A „nép” és az „elit” populista szembeállítása, mint mobilizációs keretértelmezés (frame)
Elements of populism gained the momentum within Hungarian political discourse as follows; -anti-establishment, anti-elite, anti „political class”, nomenclature orientation -going with the people, civil society, national and rural plus ethnic community identity against the „alienated aliens” -blaming the institutions as elections and parliamentarism, which manipulated the „popular will”, the need for reviewing electoral results or even to annihilate them and repeat the elections -new forms of organising, building an „Citizen’s Alliances ”(Polgári Szövetség) with nation and civil society, where national and religious symbols play a role, cultural and social community building to establish hegemony beyond the sphere of politics in other social subsystems -remaking the form of the party giving momentum to the spontaneously developed civic initiative’s (polgári körök) on the one hand, and dissolving the organisational identities of the centre right parties within a common frame on the other hand. These elements of populism emerged partly by recalling former experiences, structures and traditions of the anti- Communist dissent- analysed upon the lectures of István Csurka- or referring to Western centre right party models in Germany (CDU as a Volkspartei) and Italy(Forza Italia) within Fidesz MPP in 2002. The latter development synthetised these elements already present within the campaign to a political strategy and organisational form within the May 2003 Fidesz party conference calling the party with the new name to express the organisational and strategical alterations within the identification logo a „Fidesz-Hungarian Citizen’s Alliance”(Fidesz- Magyar Polgári Szövetség) of the civil society, nation and the center right parties under the strong leadership democracy model of Viktor Orbán and based upon the governing role of Fidesz.

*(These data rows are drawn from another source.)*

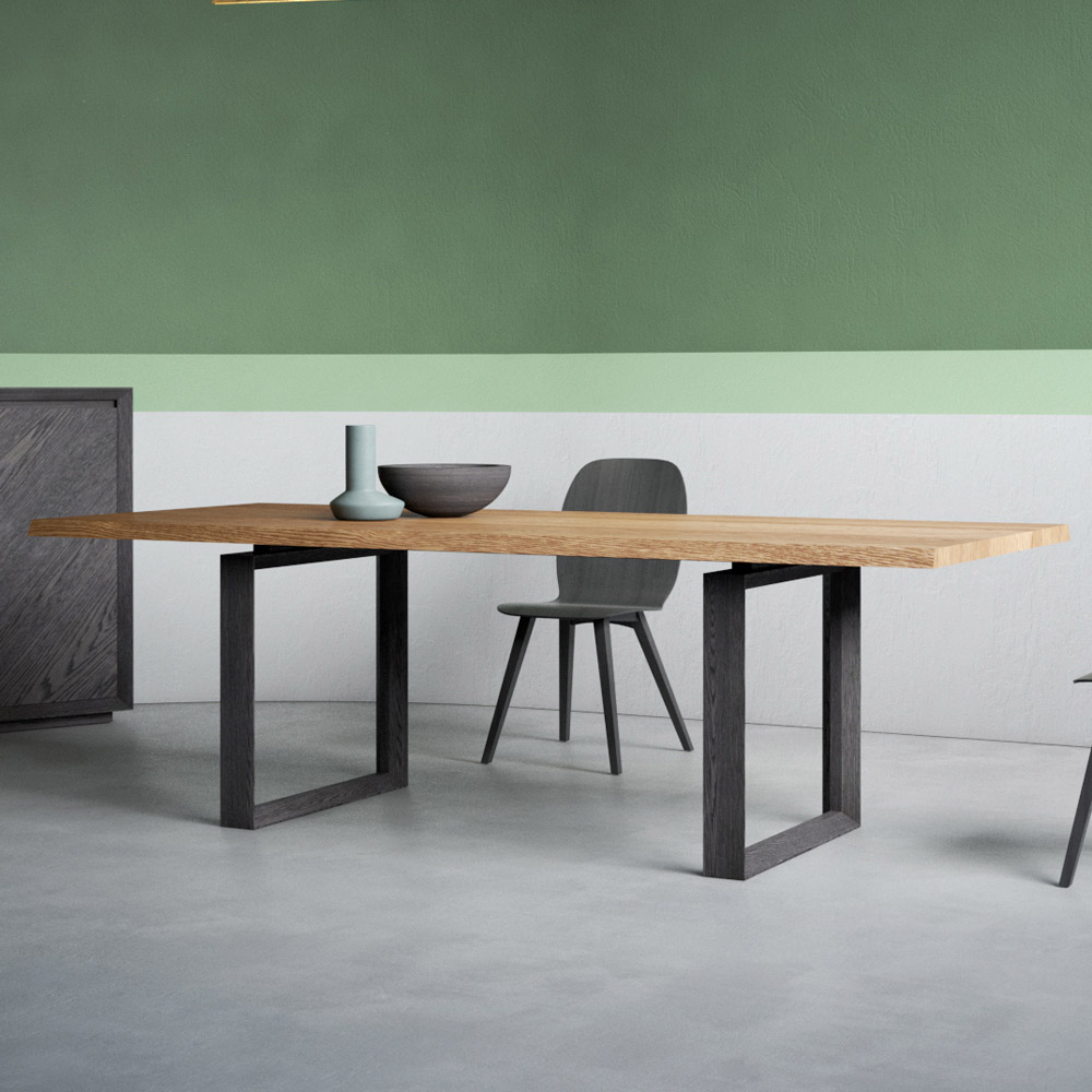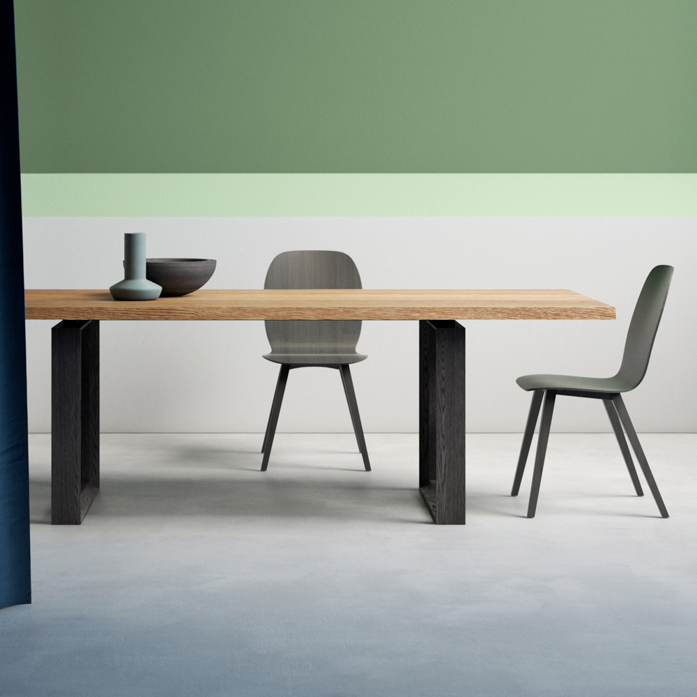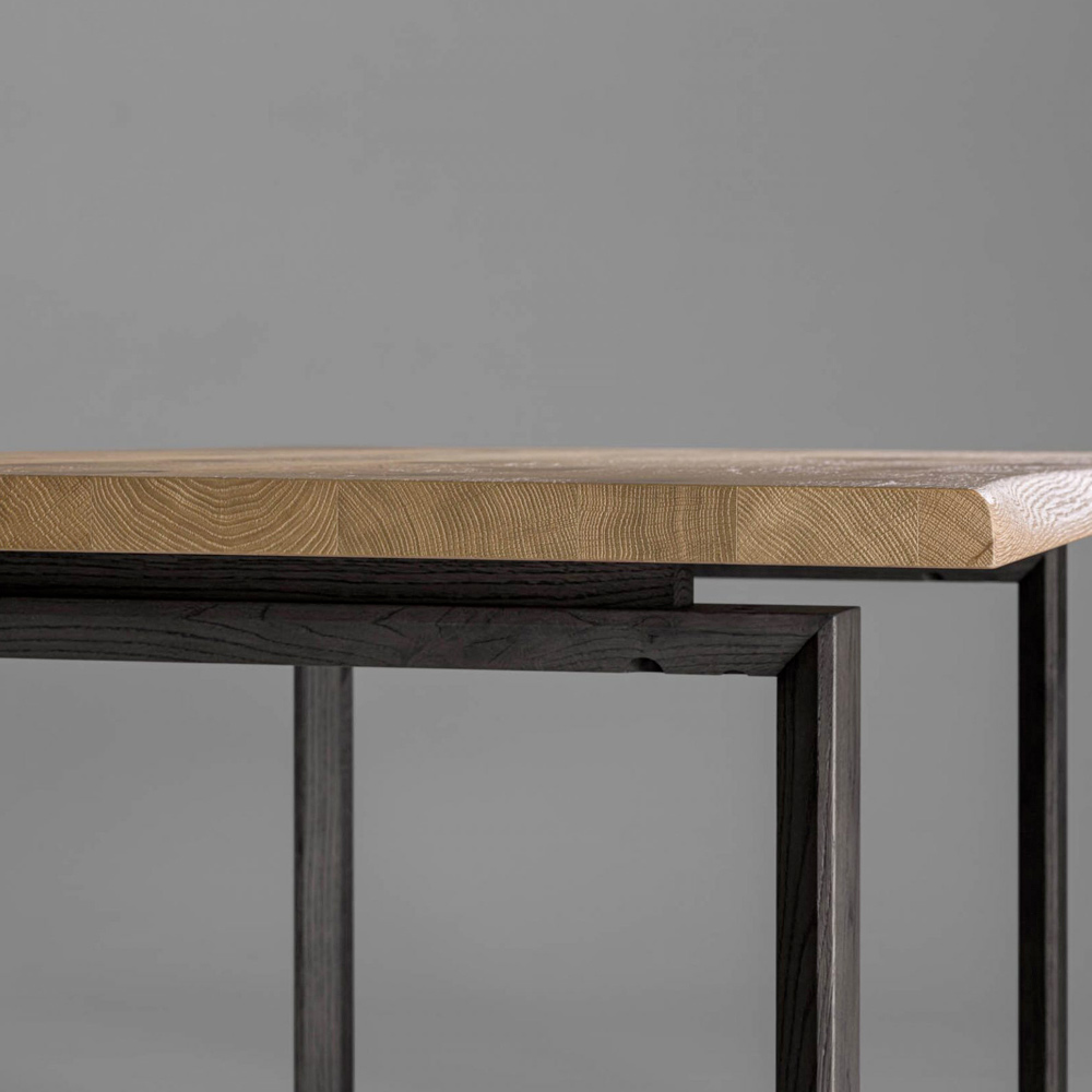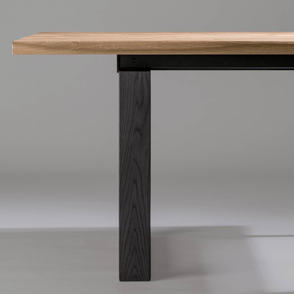 طاولة قابلة للتمديد، بسطح مشطوف من خشب البلوط الطبيعي على لوح خشب الحور، وحافة منزوعة اللحاء. أرجلها مكسوةومشطوفة من خشب البلوط المصمت المطلي بخشب البلوط المدخن. تتضمن امتدادين بطول ٥٠ سم لكل منهما، أحدهما أسفل الطاولة والآخر خارجي. صُممت الطاولة بأشكال مستقبلية، تُضفي على جوهرها لمسةً من الإشراق، وتمنحها خطوطًا ومنظورات مميزة. تُترجم متانة المواد إلى دافع إبداعي صاغته أيادٍ إيطالية ماهرة، لتحقيق أهداف نوعية وجمالية جديدة. يُصبح الأثاث وسيلةً لتحقيق مساحة شخصية مثالية.
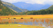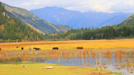 甘海子学名芳草海,这里原是一处高山湖泊,后因地质变化,出水口扩大,所以当地百姓俗称“干海子”。其实,“干海子”并不干,这里四周远山层叠,森林茂密,海子中溪水蜿蜒,芳草萋萋,如天鹅绒地毯铺满大地,夏秋季野花点缀其间,牛羊骡马成群,冬春时则一片深黄,与周围的雪山红叶相映成趣。
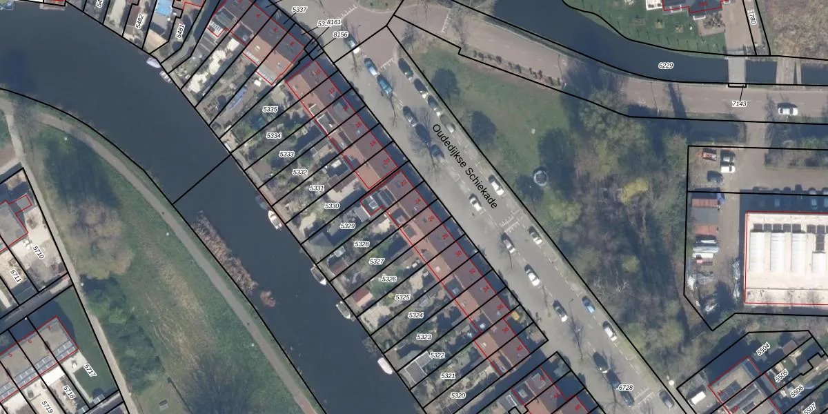 Oudedijkse Schiekade 24 is gelegen op kadastraal perceel OVS00B5328. Deze kadastrale aanduiding is uniek en wordt gebruikt door het Kadaster om eigendomsrechten en andere zakelijke rechten vast te leggen. Het perceel maakt onderdeel uit van de kadastrale gemeente Overschie.
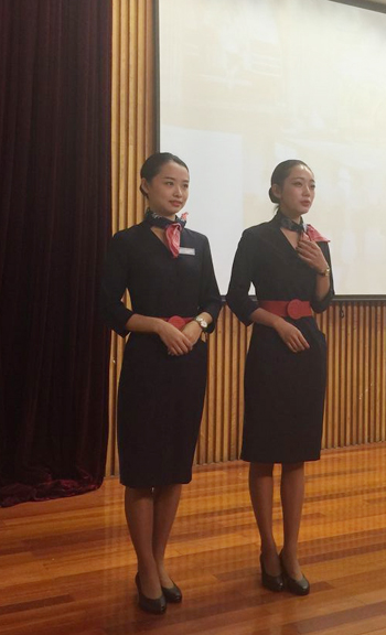 已经入职东航的空乘专业毕业生回校和新生分享成长经历
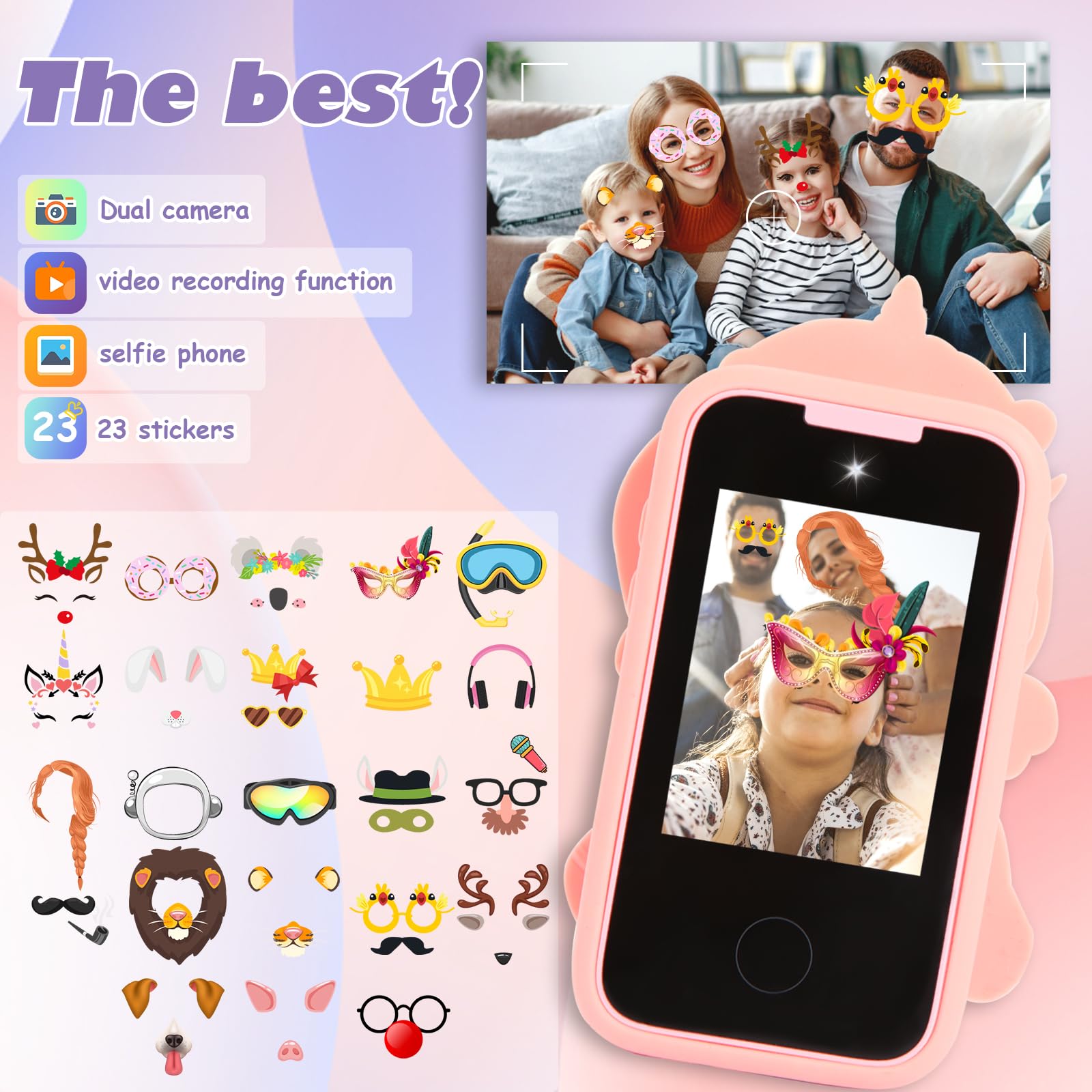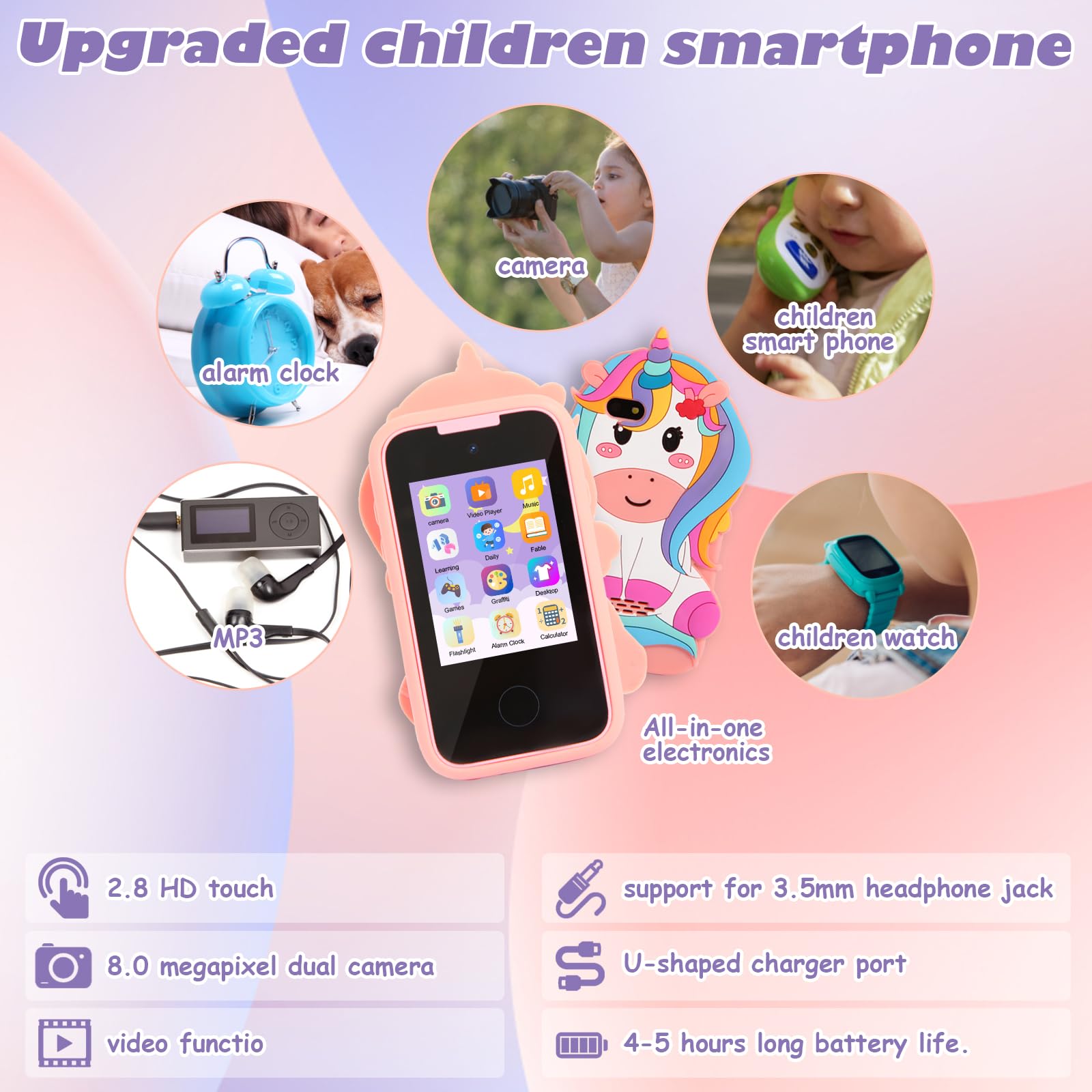 - [Next-Gen Kid's Smartphone] Introducing our new and improved, kids-friendly smartphone with a 2.8" touchscreen, a powerful 8.0-megapixel dual camera, autofocus, and video functions. Encourages children to take creative photos with stickers and share their world with loved ones. The high-quality speakers and a 3.5mm headphone jack opens up a world of immersive learning and music.

This idea of the hegemony of the right based upon one organisational form provoked political discussions, and is at the moment rejected by the two other still existing parties of the Right, MDF and MIÉP: However Hungarian electoral system is majoritarian character may establish the bloc of the right with the hegemony of the Fidesz- Citizen’s Alliance, „Polgári Szövetség” despite of the political will of these parties. Consequently, Fidesz as opposition mobilist party moved to the side of the „Euroscepticists” with the MIÉP, which rejected the Europeanisation, meanwhile MDF upheald its partisanship for the EU developed already earlier. What we may result, is that in Hungary there is an influent opposition party with right wing populist character, combining the tradition of the anti- Communist dissent with the new forms of populism in Western democracies. Fidesz this way will move on the equilibrium between populist mobilisation and democratisation and Europeanisation. First is a supply for its voters identified with the „citizen’s” (polgárok) second is the demand from the EU, NATO and OECD countries, where Hungary seek for stable membership and support. Now the Left seems to be more successfully combining populism and Westernism, than the Right, but this may change under the incalculable and unintended social consequences of EU accession or during the pressures of the so-called New World Order of the USA, and then nationalism, populism from the Right could be the winning alternative with much less approval from the NATO and the EU.